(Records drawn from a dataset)
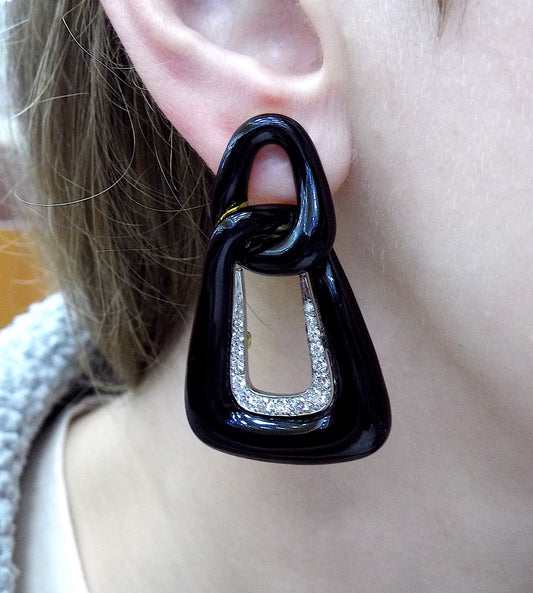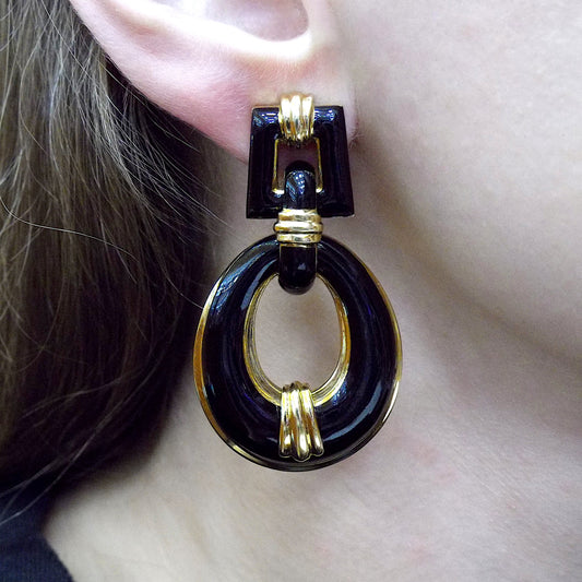 David Webb 18K Yellow Gold Black Enamel Pendant Door-Knocker Earrings
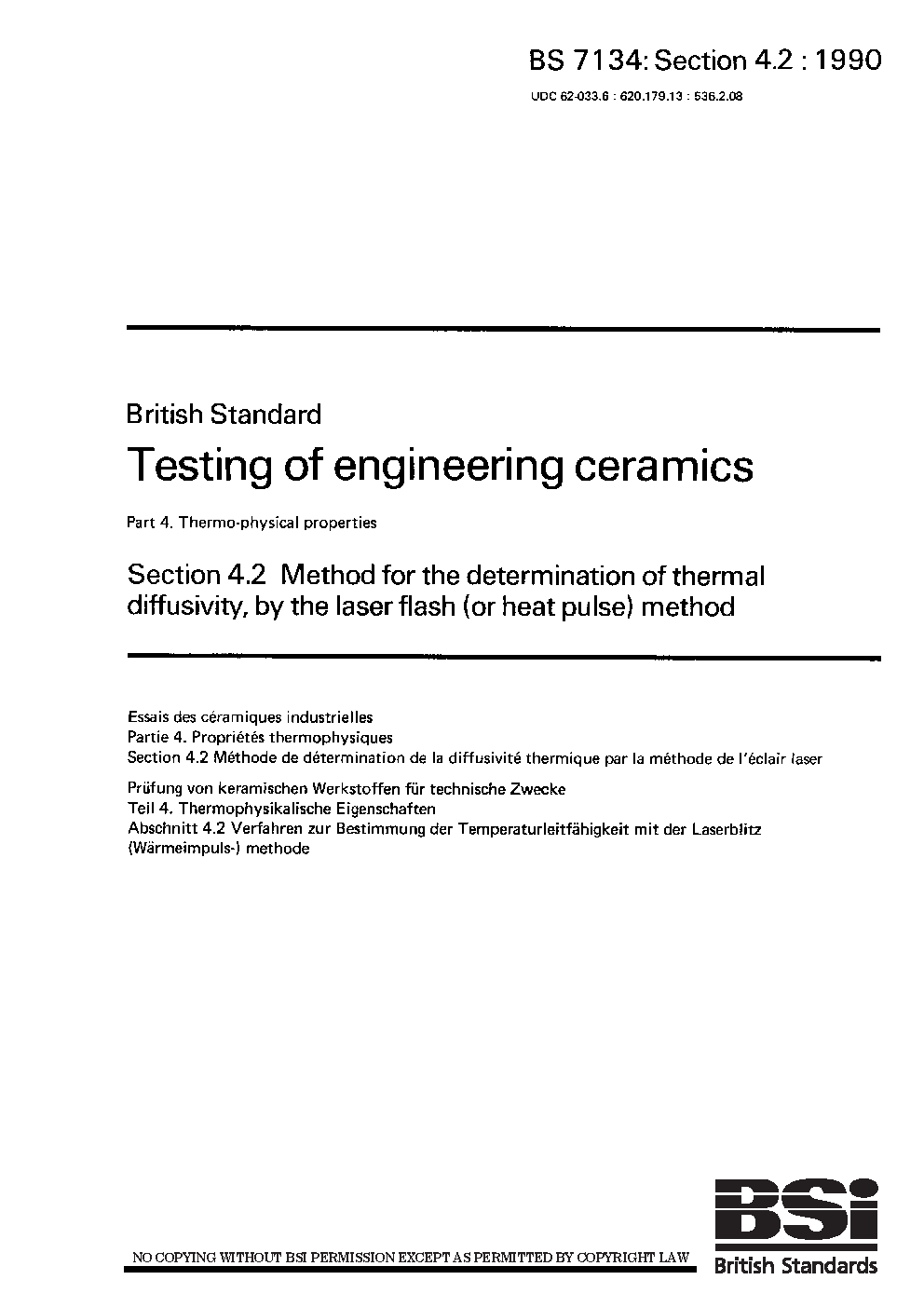 Testing of engineering ceramics. Thermo-physical properties Method for the determination thermal diffusivity, by laser flash (or heat pulse) method
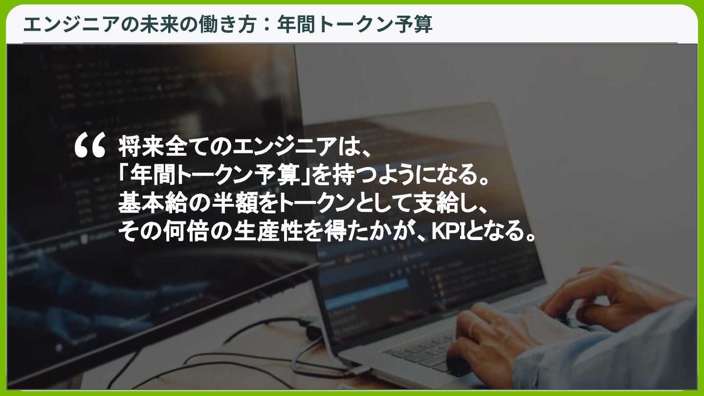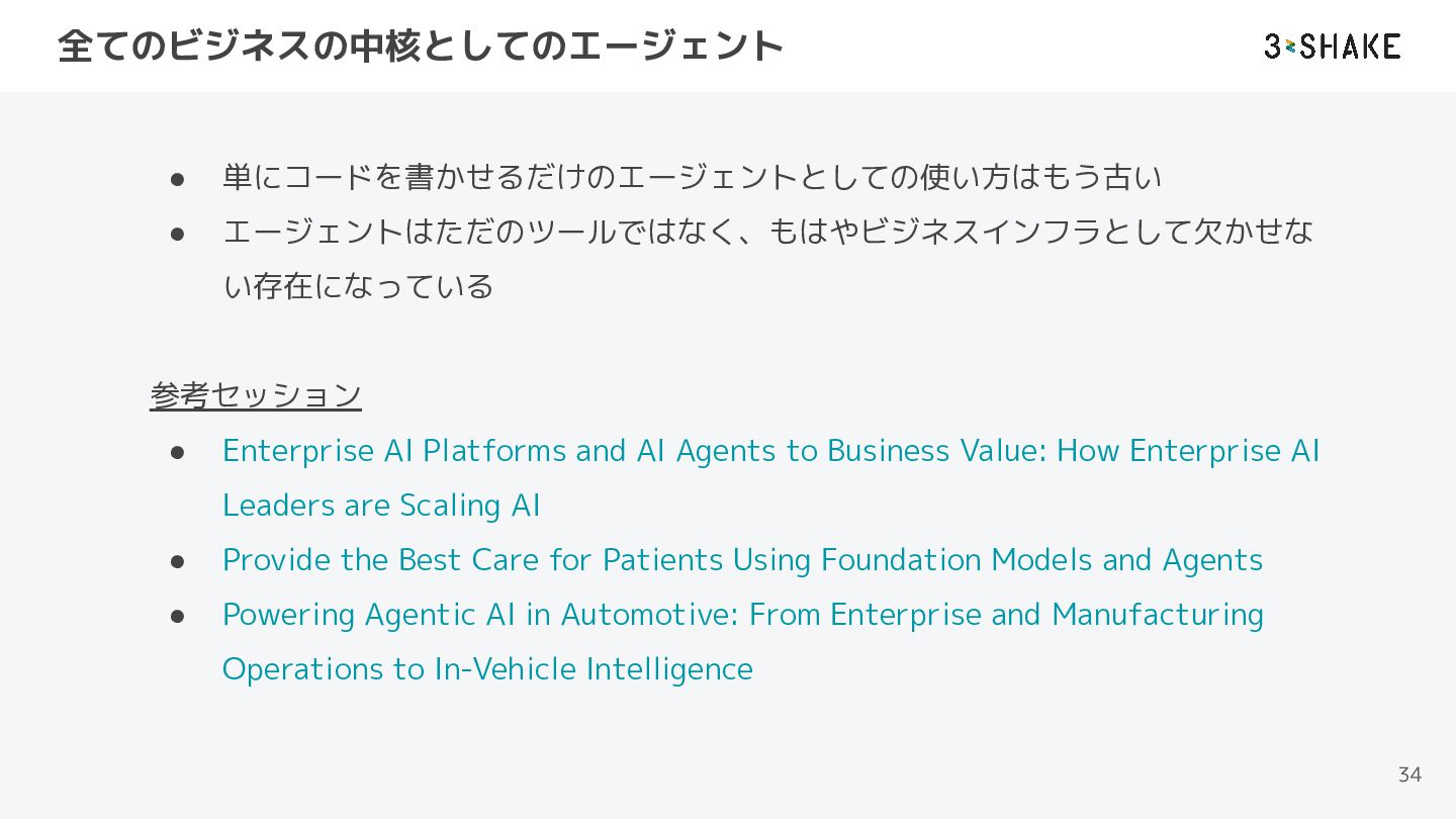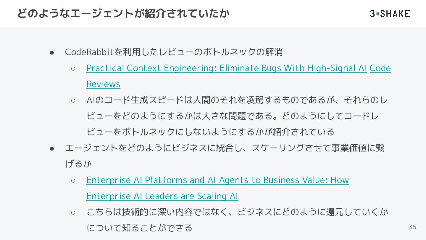 With High-Signal AI Code Reviews ◦ AIのコード生成スピードは人間のそれを凌駕するものであるが、それらのレ ビューをどのようにするかは大きな問題である。どのようにしてコードレ ビューをボトルネックにしないようにするかが紹介されている • エージェントをどのようにビジネスに統合し、スケーリングさせて事業価値に繋 げるか ◦ Enterprise AI Platforms and AI Agents to Business Value: How Enterprise AI Leaders are Scaling AI ◦ こちらは技術的に深い内容ではなく、ビジネスにどのように還元していくか について知ることができる
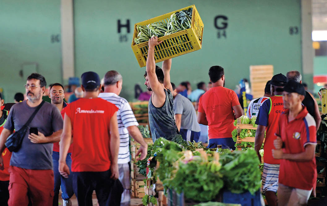 在巴西里约热内卢,一名商贩搬运蔬菜
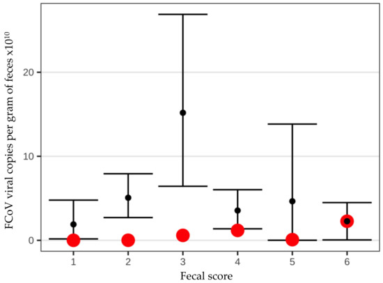 Bootstraps demonstrating no correlation between fecal score and fecal feline coronavirus (FCoV) load in viral copies per gram (g) of feces. Black points represent the mean fecal FCoV load in viral copies per g of feces. The 95% confidence intervals for the mean were calculated via the basic nonparametric bootstrap without assuming normality. Red points represent the median fecal FCoV load in viral copies per g of feces.
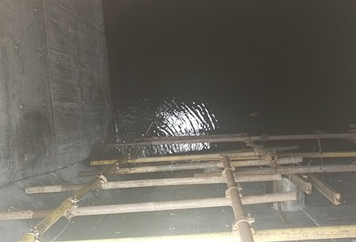 闭水试验是池体施工质量总体检验的必要环节之一。为加快推进项目建设进度,石投集团博石环保有限公司与施工单位中铁二十一局积极沟通,明确施工方案,确定实验日期,要求中铁二十一局严格按照施工计划执行,并指定专人负责,从管道施工、池底平整、脚手架拆除、废料清除、预埋管口及进出口的临时封堵、输水管道的敷设等环节层层把控,督促中铁二十一局做好闭水试验前的各项准备工作。在闭水实验过程中,博石环保公司要求中铁二十一局随时对池体进行外观检查,观测底板、池壁是否漏水,发现渗漏点要做好标记并及时处理解决。经过连续三天的持续观察和记录后,若无渗漏才可逐步排水。

● ASSIGNMENT
When pictures appear in the records above, leave them out and reproduce exactly each line from the first through the line containing "在巴西里约热内卢,一名商贩搬运蔬菜", both included.

● RESULT BELOW
 David Webb 18K Yellow Gold Black Enamel Pendant Door-Knocker Earrings
 Testing of engineering ceramics. Thermo-physical properties Method for the determination thermal diffusivity, by laser flash (or heat pulse) method
 With High-Signal AI Code Reviews ◦ AIのコード生成スピードは人間のそれを凌駕するものであるが、それらのレ ビューをどのようにするかは大きな問題である。どのようにしてコードレ ビューをボトルネックにしないようにするかが紹介されている • エージェントをどのようにビジネスに統合し、スケーリングさせて事業価値に繋 げるか ◦ Enterprise AI Platforms and AI Agents to Business Value: How Enterprise AI Leaders are Scaling AI ◦ こちらは技術的に深い内容ではなく、ビジネスにどのように還元していくか について知ることができる
 在巴西里约热内卢,一名商贩搬运蔬菜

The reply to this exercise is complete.